Just as we capitalize the names of other planets (Mars, Venus, Ceres, Eris, Pluto), we capitalize the name of our planet.

Not every person on Earth has access to clean water.

When referring to soil or land, we do not capitalize the term.

No one can be truly happy without a little earth under her fingernails.

East Pakistan

See Bangladesh.

Eastern Standard Time, Eastern Daylight Time

The abbreviations for Eastern Standard Time (EST) and Eastern Daylight Time (EDT) should be in all-caps without periods.

e.g. and i.e. 

Follow each with a comma and do not italicize.

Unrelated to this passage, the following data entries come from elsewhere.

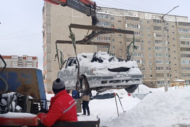 В Йошкар-Оле продолжается эвакуация брошенных под снегом автомобилей. Это делается для упрощения расчистки дворовых территорий от снега.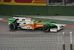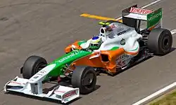 The Force India VJM02 was Force India's Formula One car for the 2009 Formula One season. It was revealed in a low-key press event, after the car's first test at the Silverstone Circuit, on February 28, 2009, before a public test at the Circuito de Jerez in Spain the following day.[3][4] The Northamptonshire-based team's car is decorated in the colours of the Indian flag, and was driven by the same drivers as in 2008 – Giancarlo Fisichella and Adrian Sutil.[3][5]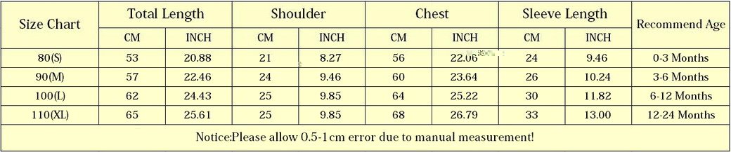 Size S: Length: 53 cm Shoulder width: 21 cm Chest circumference: 56 cm Sleeve length: 24 cm Recommended age: 0 - 6 M;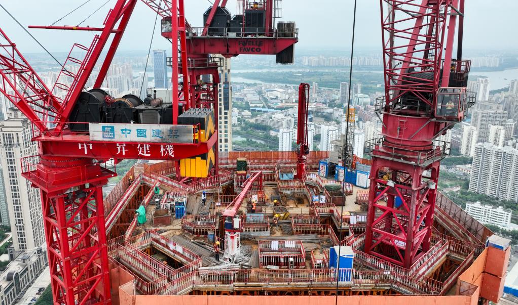 4月12日,工人在??谑泻D现行捻?xiàng)目施工作業(yè)(無人機(jī)照片)。新華社記者 楊冠宇 攝

E.g. stands for exempli gratia, Latin for for example; thus, the list of items following e.g. will not be complete.

I.e. stands for id est, meaning that is, or in other words; thus the list of items following i.e. must include all possible items.

Elderly, the

Do not use the elderly; use instead elderly people or senior citizens (usually those over age 65). Avoid seniors, which may be confused with fourth-year students.


Ellipses in running copy

Ellipsis points are on the line, like periods, and are usually separated from each other and from the text by spaces. Our policy is to smoosh together the three dots into its own "ellipses" character.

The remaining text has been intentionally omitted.